Methods: We analyzed data from 77 patients followed in five institutions. Thirty-two variables were studied for their influence on survival and on progression to acute leukemia by univariate and multivariate analysis. For some parameters, we performed a quartile analysis to reveal a possible non-monotonic influence on survival.
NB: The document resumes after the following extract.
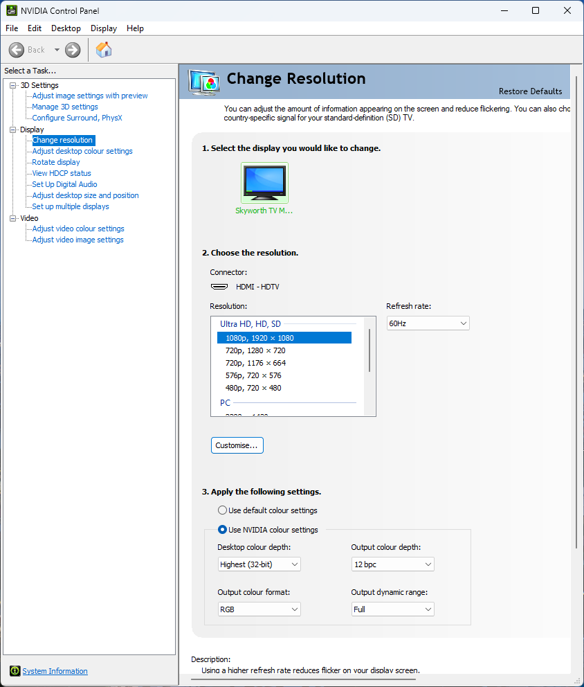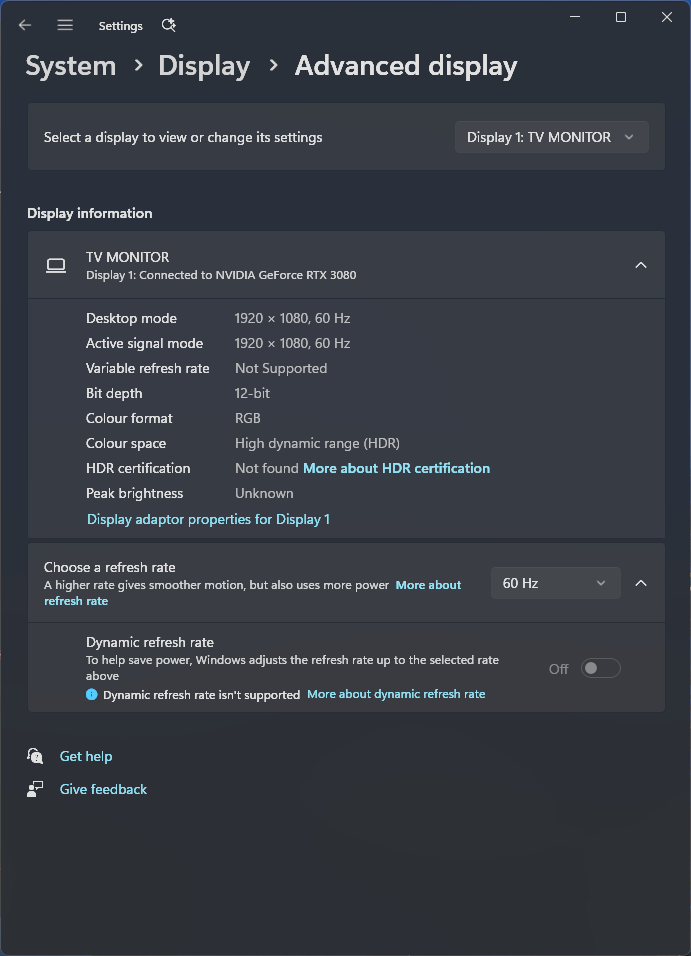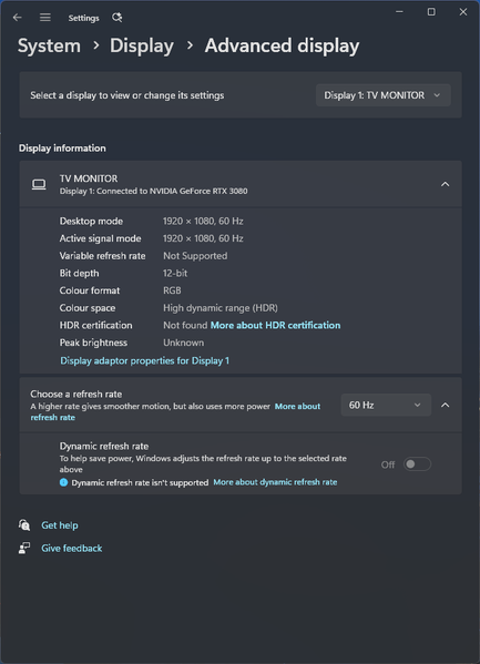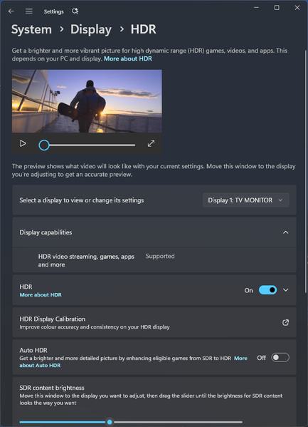 Под Windows 11 вывод в режиме HDR на данный телевизор возможен при выборе соответствующих опций в настройках дисплея. При нативном разрешении вывод может идти в режиме вплоть до 12 бит на цвет (по выбору пользователя) в отсутствие цветового сжатия и при полном рабочем диапазоне (0—255). Очевидно, что сама матрица неспособна работать в таком режиме, а поэтому это лишь расширение потока со стороны видеокарты — качество картинки от этого лучше не станет.

Results: Median survival was 17 months. Evolution to acute leukemia (ANLL) occurred in 11 patients (14%) within a median time of 8 months. Multivariate analysis assigned a poorer prognosis to patients presenting with thrombocytopenia, anemia and leukocytosis. Thrombocytopenia and the presence of circulating blasts were risk factors for transformation to ANLL, while raised serum aspartate transaminase at diagnosis seemed to be associated with a lower probability of blastic evolution. The Bournemouth score for CMML proved to be a valid tool for predicting survival but not acute transformation.
Conclusions: CMML is a severe disease. The prognostic independence of cytopenia (anemia, thrombocytopenia) and leukocytosis underlines the coexistence of aspects typical of myelodysplastic and myeloproliferative syndromes.